Apertura a dicembre e primi corsi a gennaio. Sotto l’albero di Natale i gioiesi troveranno la piscina comunale. Ormai è sicuro: la struttura riaprirà fra un mese circa. Gp Modguno e Xsporting Bari si sono già tuffate nell’avventura gioiese, impegnandosi per arrivare il prima possibile a toccare il muro dell’apertura.

Le due società, che si sono aggiudicate la gara per la gestione dell’impianto (36mila euro fino a luglio), sono al lavoro per avviare il prima possibile le attività. Lo assicura il presidente della Gp Modugno, Vittorio Scagliarini, che nei giorni scorsi con i suoi tecnici ha visitato la piscina e iniziato tutte le procedure burocratiche per l’apertura.

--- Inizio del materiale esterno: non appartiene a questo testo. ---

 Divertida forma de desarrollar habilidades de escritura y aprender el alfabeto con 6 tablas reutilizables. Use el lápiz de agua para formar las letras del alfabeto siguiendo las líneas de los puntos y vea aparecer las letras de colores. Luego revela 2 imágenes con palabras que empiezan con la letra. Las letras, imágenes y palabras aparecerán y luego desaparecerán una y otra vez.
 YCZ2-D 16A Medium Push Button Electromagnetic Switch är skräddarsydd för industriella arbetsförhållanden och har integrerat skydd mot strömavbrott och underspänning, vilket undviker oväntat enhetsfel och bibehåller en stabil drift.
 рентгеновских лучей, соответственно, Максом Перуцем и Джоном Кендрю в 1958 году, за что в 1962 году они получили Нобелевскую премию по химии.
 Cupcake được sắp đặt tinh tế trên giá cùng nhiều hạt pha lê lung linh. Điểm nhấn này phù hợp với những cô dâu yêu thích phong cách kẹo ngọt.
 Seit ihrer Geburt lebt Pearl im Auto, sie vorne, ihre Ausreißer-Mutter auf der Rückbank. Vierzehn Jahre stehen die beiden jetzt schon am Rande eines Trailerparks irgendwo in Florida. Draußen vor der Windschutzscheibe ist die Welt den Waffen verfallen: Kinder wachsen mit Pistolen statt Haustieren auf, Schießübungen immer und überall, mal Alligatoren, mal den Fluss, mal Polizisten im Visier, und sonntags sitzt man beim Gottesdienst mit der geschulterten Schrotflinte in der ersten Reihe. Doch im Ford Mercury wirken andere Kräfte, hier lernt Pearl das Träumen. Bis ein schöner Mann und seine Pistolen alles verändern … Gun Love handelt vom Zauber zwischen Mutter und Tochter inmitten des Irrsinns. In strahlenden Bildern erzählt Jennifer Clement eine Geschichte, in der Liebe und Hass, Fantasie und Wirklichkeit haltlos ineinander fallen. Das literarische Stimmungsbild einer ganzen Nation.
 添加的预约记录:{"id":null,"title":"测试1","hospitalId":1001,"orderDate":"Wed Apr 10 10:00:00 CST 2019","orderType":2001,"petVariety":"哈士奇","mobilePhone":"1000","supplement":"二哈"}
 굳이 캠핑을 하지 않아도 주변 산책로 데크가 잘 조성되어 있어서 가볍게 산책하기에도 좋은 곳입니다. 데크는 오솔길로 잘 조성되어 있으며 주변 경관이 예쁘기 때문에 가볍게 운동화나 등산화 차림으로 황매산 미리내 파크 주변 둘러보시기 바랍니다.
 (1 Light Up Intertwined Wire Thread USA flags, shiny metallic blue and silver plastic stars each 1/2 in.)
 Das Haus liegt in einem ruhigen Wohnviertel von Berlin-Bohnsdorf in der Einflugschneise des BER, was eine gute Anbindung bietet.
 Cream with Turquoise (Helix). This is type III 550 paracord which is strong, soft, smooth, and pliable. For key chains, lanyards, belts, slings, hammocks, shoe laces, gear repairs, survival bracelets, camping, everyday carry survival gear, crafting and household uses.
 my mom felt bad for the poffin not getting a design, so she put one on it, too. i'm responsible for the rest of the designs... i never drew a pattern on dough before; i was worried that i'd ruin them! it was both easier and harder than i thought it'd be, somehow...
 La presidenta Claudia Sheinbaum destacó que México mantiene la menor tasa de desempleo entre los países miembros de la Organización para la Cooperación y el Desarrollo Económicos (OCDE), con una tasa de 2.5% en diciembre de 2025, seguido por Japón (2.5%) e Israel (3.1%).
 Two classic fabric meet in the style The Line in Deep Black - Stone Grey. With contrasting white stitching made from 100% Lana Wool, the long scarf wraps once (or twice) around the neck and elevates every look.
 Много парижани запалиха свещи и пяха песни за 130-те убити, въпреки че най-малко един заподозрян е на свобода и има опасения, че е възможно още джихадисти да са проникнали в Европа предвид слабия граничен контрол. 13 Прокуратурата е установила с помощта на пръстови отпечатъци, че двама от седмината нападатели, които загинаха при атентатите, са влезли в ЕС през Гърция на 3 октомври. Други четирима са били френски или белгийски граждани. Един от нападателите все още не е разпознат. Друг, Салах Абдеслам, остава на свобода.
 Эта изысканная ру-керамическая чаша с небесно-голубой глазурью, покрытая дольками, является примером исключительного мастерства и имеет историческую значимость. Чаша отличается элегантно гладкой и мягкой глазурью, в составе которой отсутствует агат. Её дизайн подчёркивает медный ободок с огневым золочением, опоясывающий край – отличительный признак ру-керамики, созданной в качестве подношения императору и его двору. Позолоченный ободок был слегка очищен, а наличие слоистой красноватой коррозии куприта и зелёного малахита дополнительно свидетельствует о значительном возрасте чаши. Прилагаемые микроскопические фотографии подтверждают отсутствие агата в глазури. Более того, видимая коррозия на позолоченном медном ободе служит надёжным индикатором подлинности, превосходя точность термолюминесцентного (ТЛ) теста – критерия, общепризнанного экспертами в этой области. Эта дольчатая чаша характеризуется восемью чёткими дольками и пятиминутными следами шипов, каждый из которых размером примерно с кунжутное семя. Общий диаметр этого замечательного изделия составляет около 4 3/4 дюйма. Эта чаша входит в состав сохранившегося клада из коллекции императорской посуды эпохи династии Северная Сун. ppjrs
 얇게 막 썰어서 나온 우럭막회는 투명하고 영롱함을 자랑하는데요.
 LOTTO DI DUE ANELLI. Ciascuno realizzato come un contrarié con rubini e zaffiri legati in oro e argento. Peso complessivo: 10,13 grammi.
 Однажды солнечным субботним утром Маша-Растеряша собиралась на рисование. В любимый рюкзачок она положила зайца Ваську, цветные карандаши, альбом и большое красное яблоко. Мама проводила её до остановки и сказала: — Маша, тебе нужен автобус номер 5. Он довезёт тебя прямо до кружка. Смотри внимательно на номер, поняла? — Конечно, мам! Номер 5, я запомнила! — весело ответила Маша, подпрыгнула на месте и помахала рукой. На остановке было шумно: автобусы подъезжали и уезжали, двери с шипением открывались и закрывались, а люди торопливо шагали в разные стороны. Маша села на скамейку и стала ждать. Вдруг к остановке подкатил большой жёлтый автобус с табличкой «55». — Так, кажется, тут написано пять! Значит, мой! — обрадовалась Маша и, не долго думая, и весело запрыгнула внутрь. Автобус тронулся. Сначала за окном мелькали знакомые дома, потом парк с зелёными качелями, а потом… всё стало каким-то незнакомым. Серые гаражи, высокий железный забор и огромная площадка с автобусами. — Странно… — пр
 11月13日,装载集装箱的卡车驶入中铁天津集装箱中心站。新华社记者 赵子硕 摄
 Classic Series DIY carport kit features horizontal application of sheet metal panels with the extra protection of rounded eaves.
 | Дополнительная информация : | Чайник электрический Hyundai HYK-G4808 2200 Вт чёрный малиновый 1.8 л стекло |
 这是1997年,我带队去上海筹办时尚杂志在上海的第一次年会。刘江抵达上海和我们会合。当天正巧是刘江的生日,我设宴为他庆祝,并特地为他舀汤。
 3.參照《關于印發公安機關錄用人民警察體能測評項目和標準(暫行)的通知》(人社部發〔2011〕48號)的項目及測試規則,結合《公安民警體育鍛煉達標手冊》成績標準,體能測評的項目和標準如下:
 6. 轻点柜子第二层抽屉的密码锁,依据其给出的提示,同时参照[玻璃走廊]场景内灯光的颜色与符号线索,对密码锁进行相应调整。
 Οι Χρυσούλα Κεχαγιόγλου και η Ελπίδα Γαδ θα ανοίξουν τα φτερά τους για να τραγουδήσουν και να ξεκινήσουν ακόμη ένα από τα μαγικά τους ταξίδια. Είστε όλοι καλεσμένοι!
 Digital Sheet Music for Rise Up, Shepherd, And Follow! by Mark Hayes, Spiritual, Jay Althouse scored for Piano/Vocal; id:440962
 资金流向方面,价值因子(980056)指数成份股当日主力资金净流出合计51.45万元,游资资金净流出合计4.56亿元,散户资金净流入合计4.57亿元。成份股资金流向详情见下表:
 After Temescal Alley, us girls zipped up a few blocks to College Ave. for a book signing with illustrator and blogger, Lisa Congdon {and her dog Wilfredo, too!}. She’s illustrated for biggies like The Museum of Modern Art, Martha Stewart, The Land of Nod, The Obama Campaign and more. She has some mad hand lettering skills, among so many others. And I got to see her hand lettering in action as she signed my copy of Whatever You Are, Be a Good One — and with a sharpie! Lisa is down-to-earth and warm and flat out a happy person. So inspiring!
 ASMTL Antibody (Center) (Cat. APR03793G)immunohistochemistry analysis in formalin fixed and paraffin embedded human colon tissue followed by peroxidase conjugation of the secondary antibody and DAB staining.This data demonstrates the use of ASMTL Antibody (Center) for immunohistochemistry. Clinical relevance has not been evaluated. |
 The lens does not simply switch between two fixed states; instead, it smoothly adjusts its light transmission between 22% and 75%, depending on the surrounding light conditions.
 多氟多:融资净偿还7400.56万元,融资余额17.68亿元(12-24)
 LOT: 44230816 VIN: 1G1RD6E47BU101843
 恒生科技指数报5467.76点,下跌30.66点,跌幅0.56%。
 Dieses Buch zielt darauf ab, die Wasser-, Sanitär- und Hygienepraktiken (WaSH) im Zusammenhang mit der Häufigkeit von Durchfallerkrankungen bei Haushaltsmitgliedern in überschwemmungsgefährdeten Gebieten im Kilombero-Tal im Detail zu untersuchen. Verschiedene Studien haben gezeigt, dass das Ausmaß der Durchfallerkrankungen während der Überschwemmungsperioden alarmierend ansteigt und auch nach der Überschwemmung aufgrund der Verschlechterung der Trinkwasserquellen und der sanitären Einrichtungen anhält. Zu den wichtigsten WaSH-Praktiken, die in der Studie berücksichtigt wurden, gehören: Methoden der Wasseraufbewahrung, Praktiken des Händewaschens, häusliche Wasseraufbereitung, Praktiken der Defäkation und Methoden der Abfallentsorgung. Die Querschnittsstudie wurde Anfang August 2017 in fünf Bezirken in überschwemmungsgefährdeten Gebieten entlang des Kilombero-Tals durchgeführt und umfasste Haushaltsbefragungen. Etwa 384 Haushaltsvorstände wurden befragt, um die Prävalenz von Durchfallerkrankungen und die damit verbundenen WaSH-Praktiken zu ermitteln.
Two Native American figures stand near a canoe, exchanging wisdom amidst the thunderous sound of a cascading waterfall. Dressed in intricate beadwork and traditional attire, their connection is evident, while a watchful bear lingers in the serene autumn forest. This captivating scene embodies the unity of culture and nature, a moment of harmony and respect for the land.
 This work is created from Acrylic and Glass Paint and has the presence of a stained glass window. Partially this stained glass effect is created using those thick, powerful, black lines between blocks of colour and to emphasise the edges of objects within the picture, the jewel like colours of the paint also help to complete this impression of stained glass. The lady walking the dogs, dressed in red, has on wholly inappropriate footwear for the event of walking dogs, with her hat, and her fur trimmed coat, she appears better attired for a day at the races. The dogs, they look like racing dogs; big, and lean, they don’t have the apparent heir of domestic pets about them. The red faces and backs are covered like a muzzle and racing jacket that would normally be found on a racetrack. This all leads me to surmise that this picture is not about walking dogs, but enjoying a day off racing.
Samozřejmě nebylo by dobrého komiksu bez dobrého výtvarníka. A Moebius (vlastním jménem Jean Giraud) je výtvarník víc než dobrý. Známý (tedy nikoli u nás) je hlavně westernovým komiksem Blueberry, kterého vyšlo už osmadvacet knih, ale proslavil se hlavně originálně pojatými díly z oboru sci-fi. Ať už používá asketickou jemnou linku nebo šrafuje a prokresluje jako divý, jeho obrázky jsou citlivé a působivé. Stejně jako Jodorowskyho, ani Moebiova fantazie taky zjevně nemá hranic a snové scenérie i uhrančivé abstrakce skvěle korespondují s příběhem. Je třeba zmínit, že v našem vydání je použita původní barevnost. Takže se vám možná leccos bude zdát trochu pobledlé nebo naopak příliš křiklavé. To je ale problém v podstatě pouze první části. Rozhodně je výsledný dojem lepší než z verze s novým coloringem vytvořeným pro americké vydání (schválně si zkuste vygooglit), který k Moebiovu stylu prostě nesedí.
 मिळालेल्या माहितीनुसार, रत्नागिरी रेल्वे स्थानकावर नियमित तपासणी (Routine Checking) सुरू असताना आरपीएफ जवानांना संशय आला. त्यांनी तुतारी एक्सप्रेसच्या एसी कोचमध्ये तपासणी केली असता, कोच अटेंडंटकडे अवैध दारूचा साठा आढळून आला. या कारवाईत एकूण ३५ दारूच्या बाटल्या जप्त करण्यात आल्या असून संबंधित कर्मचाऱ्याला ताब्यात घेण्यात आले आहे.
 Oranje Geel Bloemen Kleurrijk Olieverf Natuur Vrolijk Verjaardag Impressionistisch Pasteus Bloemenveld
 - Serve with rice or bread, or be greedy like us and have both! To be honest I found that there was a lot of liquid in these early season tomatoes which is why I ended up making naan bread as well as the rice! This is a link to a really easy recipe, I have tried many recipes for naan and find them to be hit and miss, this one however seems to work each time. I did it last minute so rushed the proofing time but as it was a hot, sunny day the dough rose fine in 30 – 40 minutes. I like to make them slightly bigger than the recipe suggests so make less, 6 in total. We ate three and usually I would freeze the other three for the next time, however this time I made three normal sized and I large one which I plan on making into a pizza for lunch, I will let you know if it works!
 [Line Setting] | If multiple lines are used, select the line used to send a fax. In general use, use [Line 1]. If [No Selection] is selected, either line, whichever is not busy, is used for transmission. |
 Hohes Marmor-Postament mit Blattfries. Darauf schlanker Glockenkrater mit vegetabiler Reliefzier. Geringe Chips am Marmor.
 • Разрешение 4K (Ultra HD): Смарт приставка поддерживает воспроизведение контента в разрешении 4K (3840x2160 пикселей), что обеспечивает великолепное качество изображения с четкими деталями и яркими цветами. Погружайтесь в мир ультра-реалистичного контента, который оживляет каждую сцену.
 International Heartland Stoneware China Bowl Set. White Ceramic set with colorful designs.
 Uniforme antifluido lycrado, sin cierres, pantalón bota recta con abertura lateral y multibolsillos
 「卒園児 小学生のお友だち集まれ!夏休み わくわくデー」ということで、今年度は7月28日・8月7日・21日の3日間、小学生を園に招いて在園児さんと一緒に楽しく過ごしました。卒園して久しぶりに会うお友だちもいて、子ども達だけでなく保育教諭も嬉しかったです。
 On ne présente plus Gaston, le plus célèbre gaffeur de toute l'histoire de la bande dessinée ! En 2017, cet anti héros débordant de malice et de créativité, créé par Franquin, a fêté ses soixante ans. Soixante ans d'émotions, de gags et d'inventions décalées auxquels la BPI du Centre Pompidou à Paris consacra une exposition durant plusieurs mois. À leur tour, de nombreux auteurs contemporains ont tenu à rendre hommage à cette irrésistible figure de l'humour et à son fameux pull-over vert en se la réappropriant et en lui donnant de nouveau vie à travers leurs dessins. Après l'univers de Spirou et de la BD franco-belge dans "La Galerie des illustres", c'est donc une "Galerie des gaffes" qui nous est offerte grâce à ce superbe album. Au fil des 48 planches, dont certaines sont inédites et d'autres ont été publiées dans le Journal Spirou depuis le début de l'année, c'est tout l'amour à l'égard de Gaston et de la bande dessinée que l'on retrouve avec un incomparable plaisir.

La Gp Modugno è una delle più grosse società della Puglia: prima per fatturato nella regione e seconda per numero di tesserati (ma prima in provincia di Bari). La società del presidente Scagliarini gestisce da diversi anni le piscine comunali di Modugno, impianto di alto livello, non solo a livello regionale, che ospita ogni anno competizioni nazionali di prestigio. A dicembre, per esempio, proprio a Modugno si aprirà la stagione dei Master (gli amatori del nuoto dai 25 anni in su) con il trofeo Santa Claus, primo appuntamento pugliese del calendario 2012-2013. E in vasca potrebbe già scendere la nuova squadra della piscina comunale.

Intanto è emersa la presenza di pendenze economiche della Promosport nei confronti di Enel, acquedotto e società fornitrice di gas. Ma questo non inficerà l’apertura per la nuova gestione. A tal proposito commenta l’assessore allo Sport Filippo Donvito: “L’Ufficio Tecnico ha assunto informazioni sulle modalità di allaccio delle forniture di luce, gas ed acqua al nuovo gestore. E’ stato confermato che eventuali pendenze non sono a carico del nuovo titolare dei contratti né, mi è stato ribadito, del Comune. Non entriamo quindi nel merito di eventuali pendenze del vecchio gestore. Se e quando il Comune dovesse essere chiamato in causa, affronteremo l’argomento. Non appena la nuova società avrà allacciato le utenze provvederemo al collaudo dell’impianto. Abbiamo ritenuto opportuno bloccare il collaudo in questa fase che avrebbe richiesto un generatore autonomo di corrente ed il trasporto di acqua con autobotti, perché avremmo speso soldi che potrebbero essere invece utili per altre spese che potremmo essere costretti ad affrontare, ad esempio per la mancanza di due pompe che mancano all’appello“.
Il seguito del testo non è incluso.